I don’t know why Eduardo has chosen to befriend me. We have nothing in common. I suppose friendship itself is reason enough. This afternoon, he took me on our longest drive yet, through the mountains to the Nacimiento del Río Cuervo, the Birthplace (or Source) of the Crow River. He mentioned again how many more trees there used to be in these mountains when he was a boy. He’s always careful not to show strong emotion; I sense he would consider such a thing an imposition on me. Yet I heard in his voice the sadness that comes with the realization that time not only changes a place, but completely replaces it with another place. Then, memory becomes a graveyard for the people we once were and all we once knew.
We stopped at the edge of a forest and walked down a short path to a mountain spring. The Nacimiento del Río Cuervo looked like one of the wet, green, shadowy dells of the Tongass Rainforest, another gathering place for fairies and elves. The only sound was the dulcimer chiming of water. It dripped in narrow rivulets, slipped down curtains of deep green moss over a rambling wall of rocks, then freefell into a shallow pool. Behind the sparkling curtain, shadows led to a shallow cavern. Somewhere outside the forest, the sun was setting, and a reverie of tawny light flowed over the watery place where the river is continually reborn.
Over the quiet trickling, Eduardo’s gravelly voice startled me. “Many years ago this was a great waterfall. Even now, there’s a lot of water in the spring. And in the winter, ice.”
“It’s perfect,” I said. “It’s a magical place.”
“I knew you would like it. You should take my photo here, for a memento (un recuerd
o) of your trip.” He spoke in a tone of command and struck a dignified pose.
I dutifully snapped a shot.
We shared the dusky daydream of water for some minutes, until several Spanish tourists appeared. They smiled and greeted us, but exchanged sidelong glances with each other as if they suspected us of something.

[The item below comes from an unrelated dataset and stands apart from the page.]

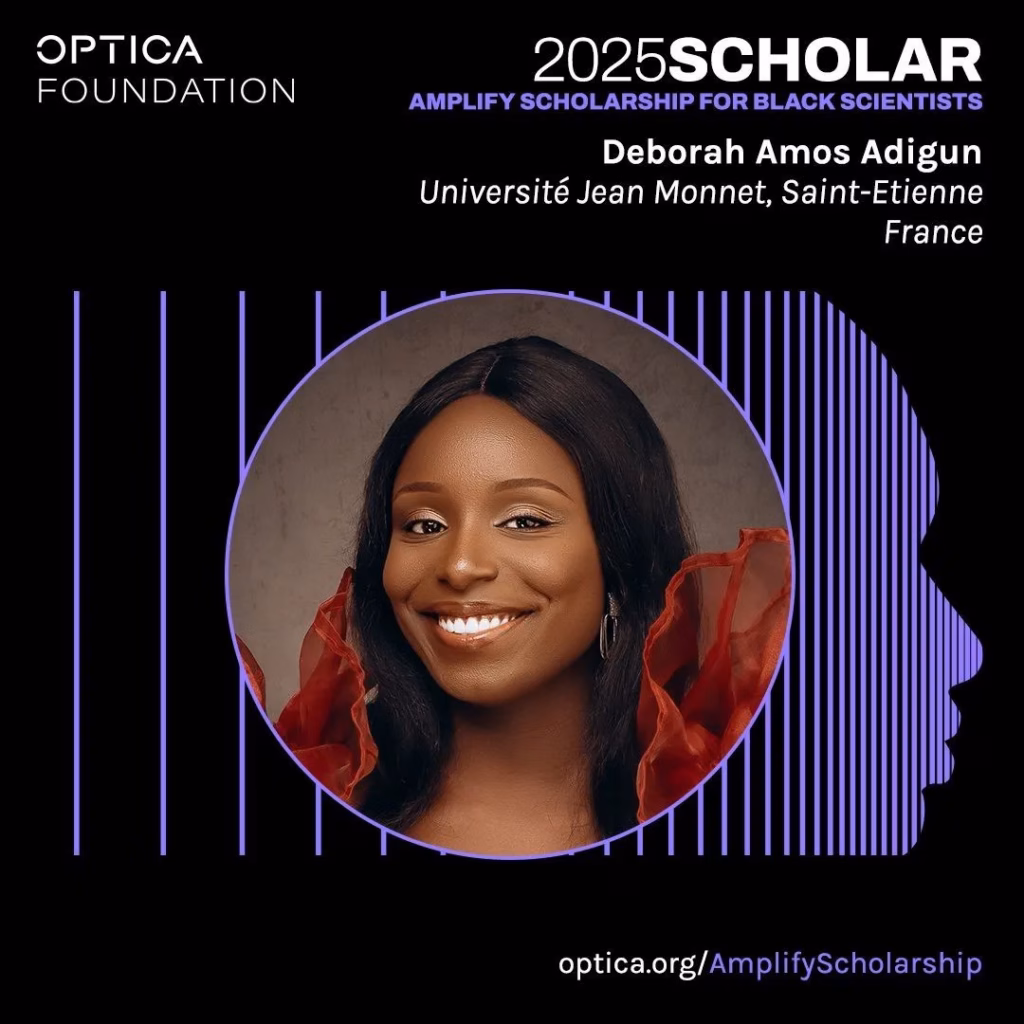 Déborah (cohort 2023-2025) has been awarded the prestigious Amplify Fellowship from the Optica Foundation (USA), a program dedicated to promoting the representation of Black scientists in the fields of optics and photonics.

We then drove to a nearby village, where we stopped at a small bar for tapas and Cokes. As at some of the other places we’ve visited, Eduardo knew several people. He paused to say a friendly hello to a few before we stopped to stand at a small table in the middle of the room. A couple of times, I looked up to see someone staring at me with obvious reproach. Then I overheard several whispered exclamations of disapproval over Eduardo keeping company with a younger woman—and flaunting it in public, too!

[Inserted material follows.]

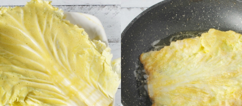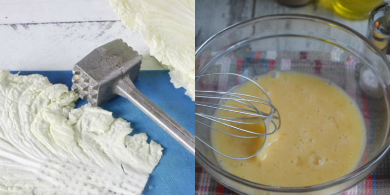 Obierz liście kapusty pekińskiej. Wytnij ich twardą część. Rozbij liście za pomocą tłuczka. W misce wymieszaj jajka, sól i pieprz. Dodaj mąkę i wymieszaj, aby nie było w masie grudek.

One middle-aged couple carried their drinks to our table and came straight to the point.
“Eduardo!” the woman scolded. “Where is Gloria? And what are you doing here with this young woman?”
Her husband lifted a suggestive eyebrow at me and said, “Although if you are going to play with a younger woman you certainly have good taste.”

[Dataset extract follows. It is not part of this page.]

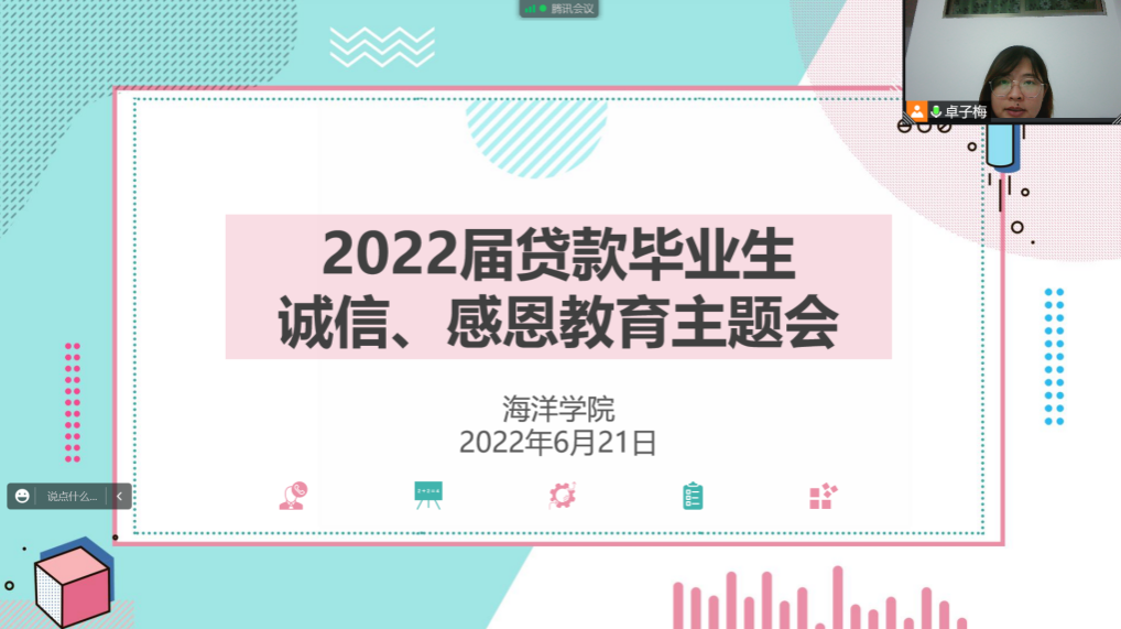 6月21日晚上,公司在腾讯会议召开“2022届贷款毕业生诚信感恩主题教育会议”,公司2022届全体贷款毕业生参加了会议。本次会议的召开,不仅提高了贷款毕业生对国家助学贷款政策等知识的了解,也增强了他们的诚信意识、感恩意识和责任意识。

The woman looked me up and down, snorted her disapproval, then said, “I never saw anything.” She exaggerated averting her eyes, miming that she’d seen an assignation and would pretend to ignore it. My face flushed. Perhaps she thought I was a whore.
Eduardo scowled. “It’s not what you’re thinking. This young lady is a foreigner from Alaska. She has a fiancé, but he couldn’t come with her. So she’s alone. She doesn’t know anybody here and I’m showing her around. I wanted to show her the hospitality of Cuenca.”
The woman’s face twitched with embarrassment. “I am sorry,” she said to me, placing a gentle hand on my shoulder. Then she slapped Eduardo’s shoulder. “But what was I supposed to think, seeing you out with such an attractive young lady?”